◆ **EXERCISE**
Retype nothing except the lines below from the one with "ベリーライトイエローのペアシェイプダイヤモンドをメインにしたプラチナ製のファッションリング。| 商品詳細 |" through the one with "В классическом виде", exactly, with images left out.

◆ **EXTRACTED ENTRIES**
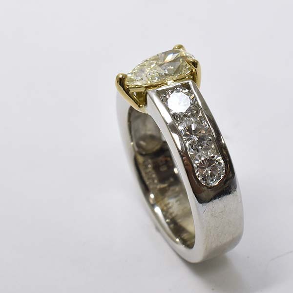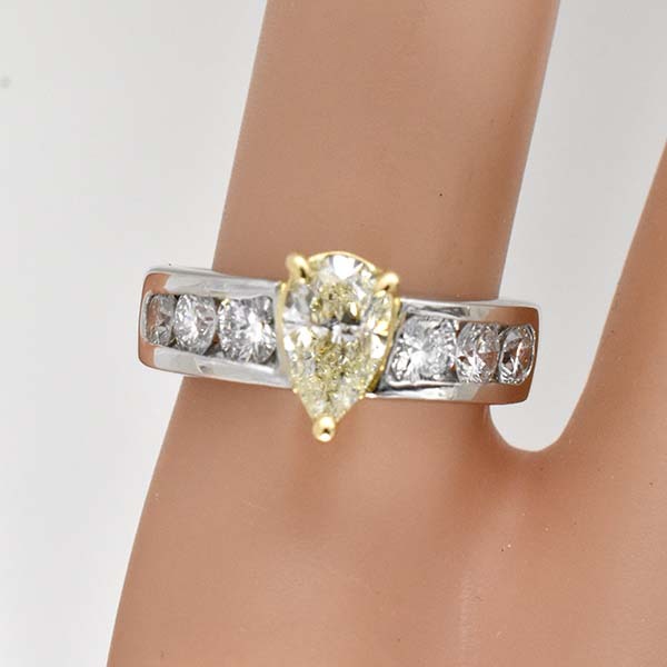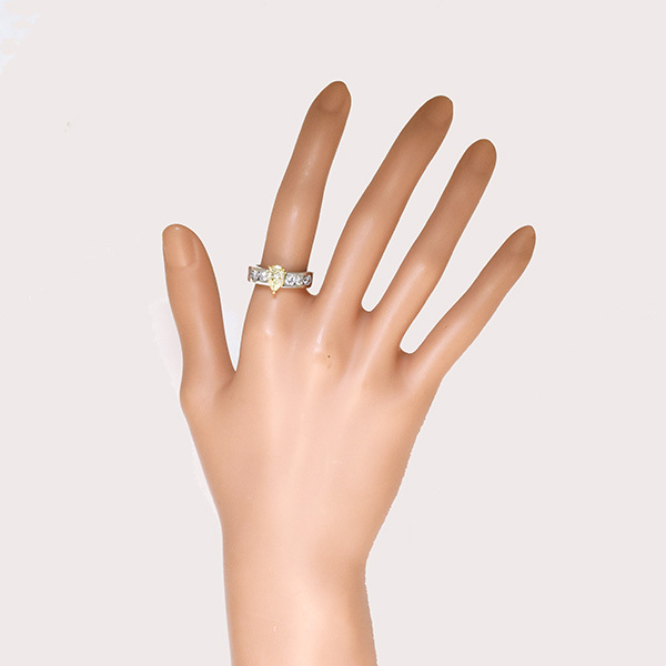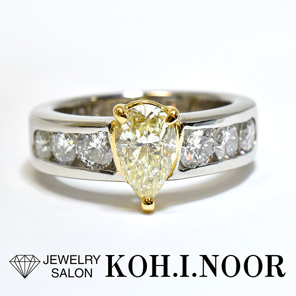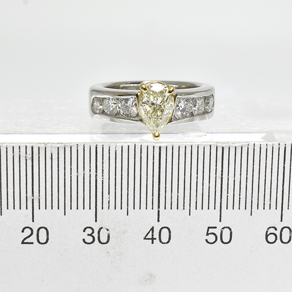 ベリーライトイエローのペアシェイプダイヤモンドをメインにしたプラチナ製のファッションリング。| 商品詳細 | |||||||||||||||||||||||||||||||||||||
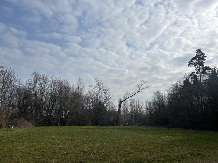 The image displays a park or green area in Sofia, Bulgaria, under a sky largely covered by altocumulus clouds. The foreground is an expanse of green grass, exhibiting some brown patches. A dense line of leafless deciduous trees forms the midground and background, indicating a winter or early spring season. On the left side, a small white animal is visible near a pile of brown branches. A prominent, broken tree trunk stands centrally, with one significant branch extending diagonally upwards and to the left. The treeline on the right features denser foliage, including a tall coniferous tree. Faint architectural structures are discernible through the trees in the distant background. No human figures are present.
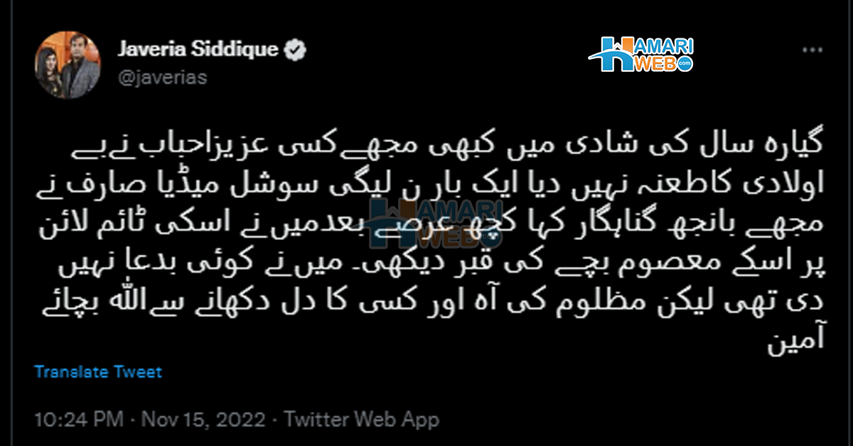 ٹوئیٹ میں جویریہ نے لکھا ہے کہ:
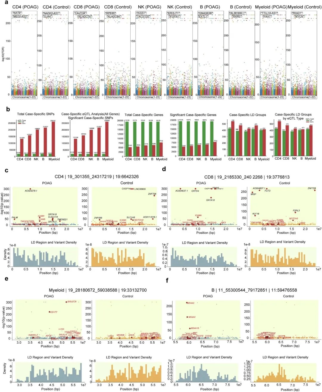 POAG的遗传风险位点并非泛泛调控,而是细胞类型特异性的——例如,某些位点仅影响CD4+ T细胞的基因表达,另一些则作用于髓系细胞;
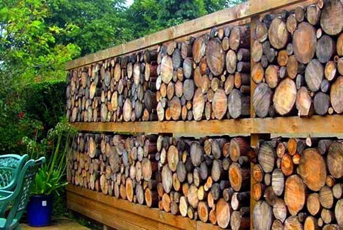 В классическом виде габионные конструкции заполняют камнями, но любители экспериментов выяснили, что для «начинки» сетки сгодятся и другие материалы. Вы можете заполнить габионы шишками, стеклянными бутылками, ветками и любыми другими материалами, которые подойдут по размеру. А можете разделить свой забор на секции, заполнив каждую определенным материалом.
---
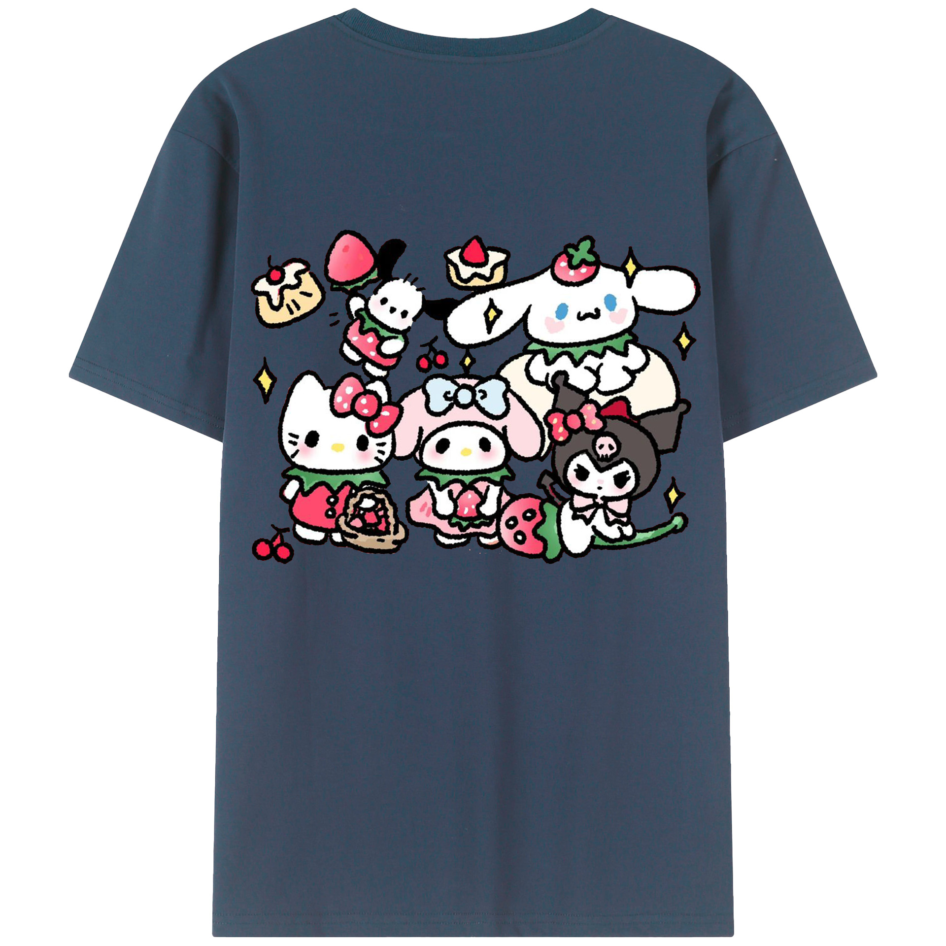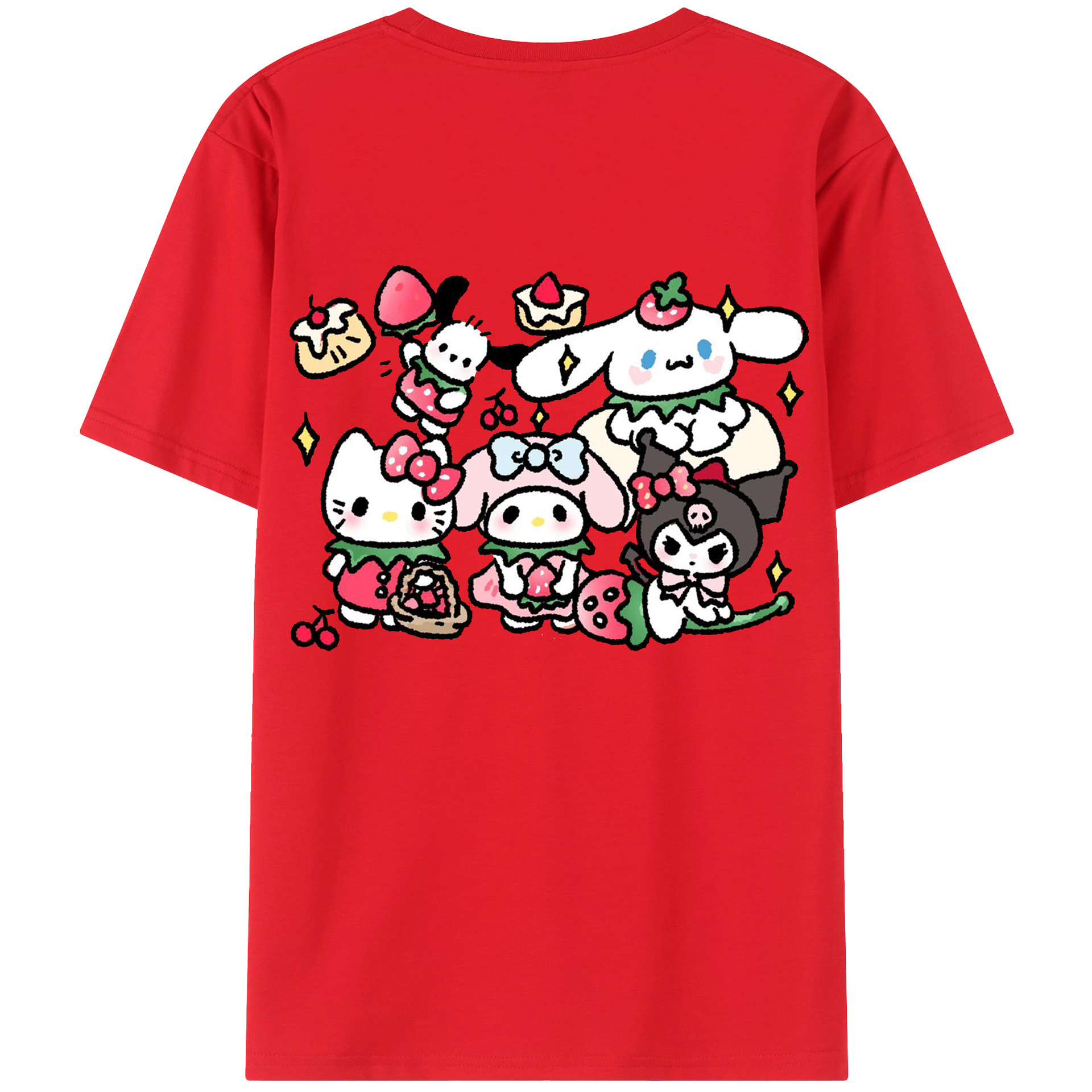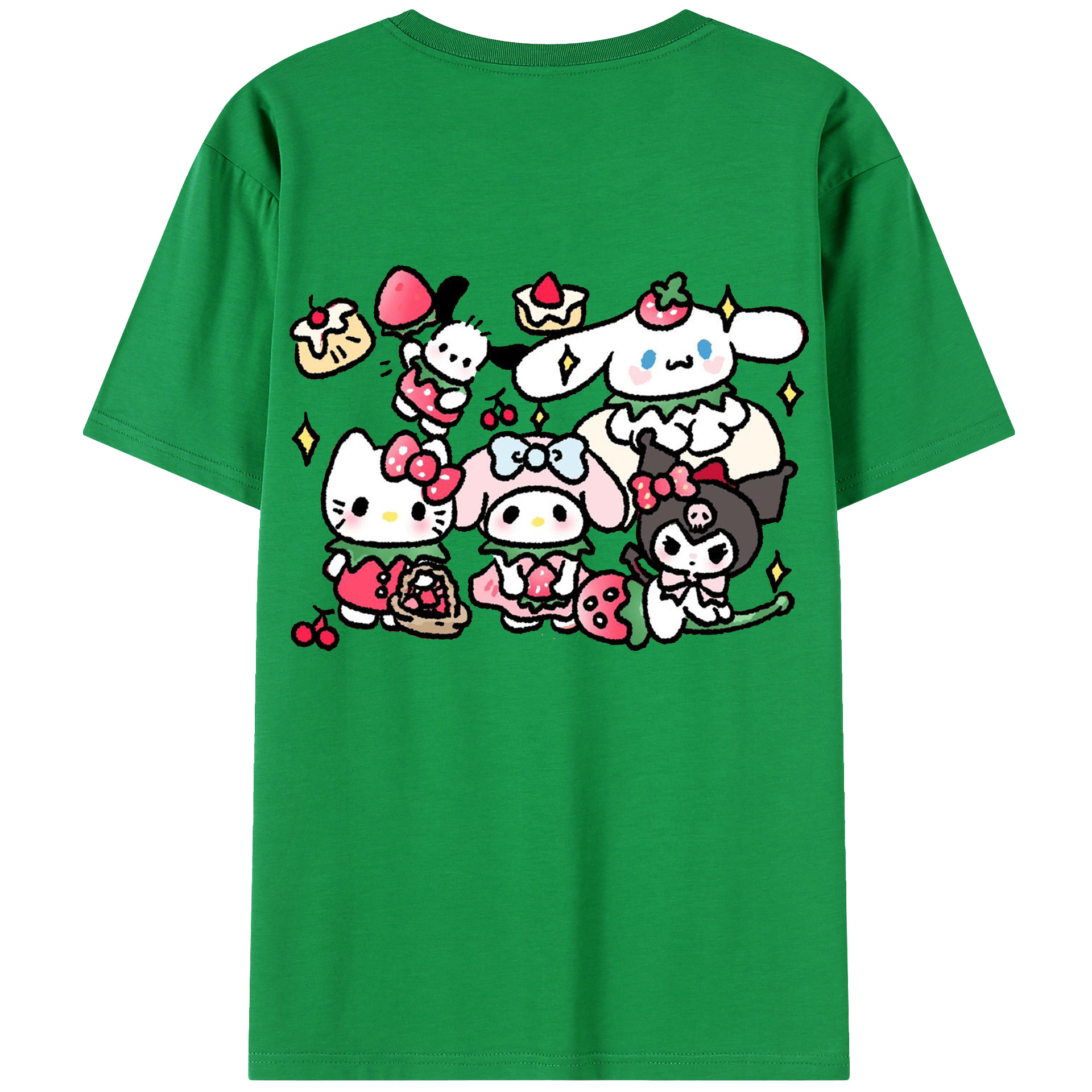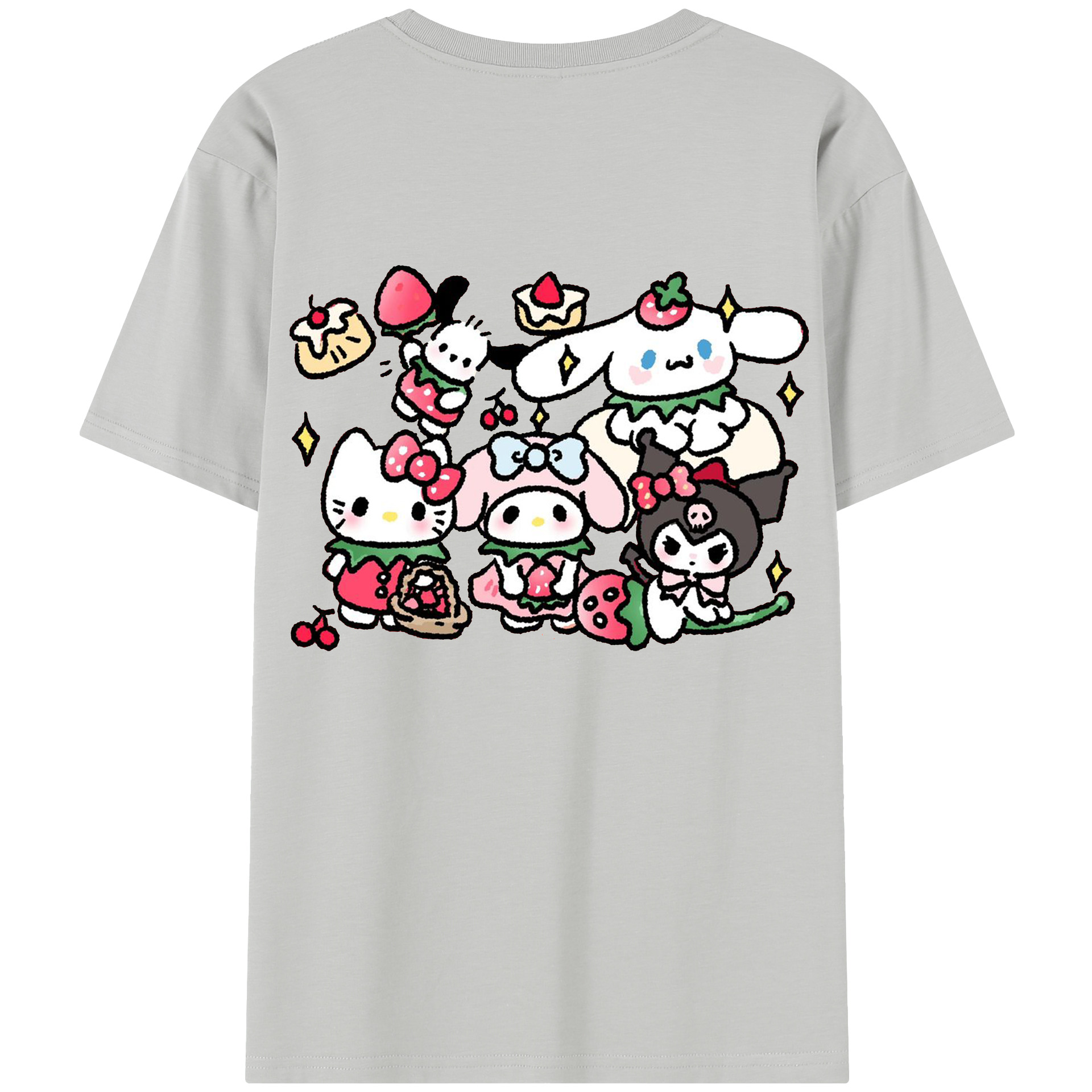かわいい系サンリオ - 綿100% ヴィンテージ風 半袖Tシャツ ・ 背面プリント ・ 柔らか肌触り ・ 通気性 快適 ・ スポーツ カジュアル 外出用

◆ **SOLUTION BELOW**
 ベリーライトイエローのペアシェイプダイヤモンドをメインにしたプラチナ製のファッションリング。| 商品詳細 | |||||||||||||||||||||||||||||||||||||
 The image displays a park or green area in Sofia, Bulgaria, under a sky largely covered by altocumulus clouds. The foreground is an expanse of green grass, exhibiting some brown patches. A dense line of leafless deciduous trees forms the midground and background, indicating a winter or early spring season. On the left side, a small white animal is visible near a pile of brown branches. A prominent, broken tree trunk stands centrally, with one significant branch extending diagonally upwards and to the left. The treeline on the right features denser foliage, including a tall coniferous tree. Faint architectural structures are discernible through the trees in the distant background. No human figures are present.
 ٹوئیٹ میں جویریہ نے لکھا ہے کہ:
 POAG的遗传风险位点并非泛泛调控,而是细胞类型特异性的——例如,某些位点仅影响CD4+ T细胞的基因表达,另一些则作用于髓系细胞;
 В классическом виде габионные конструкции заполняют камнями, но любители экспериментов выяснили, что для «начинки» сетки сгодятся и другие материалы. Вы можете заполнить габионы шишками, стеклянными бутылками, ветками и любыми другими материалами, которые подойдут по размеру. А можете разделить свой забор на секции, заполнив каждую определенным материалом.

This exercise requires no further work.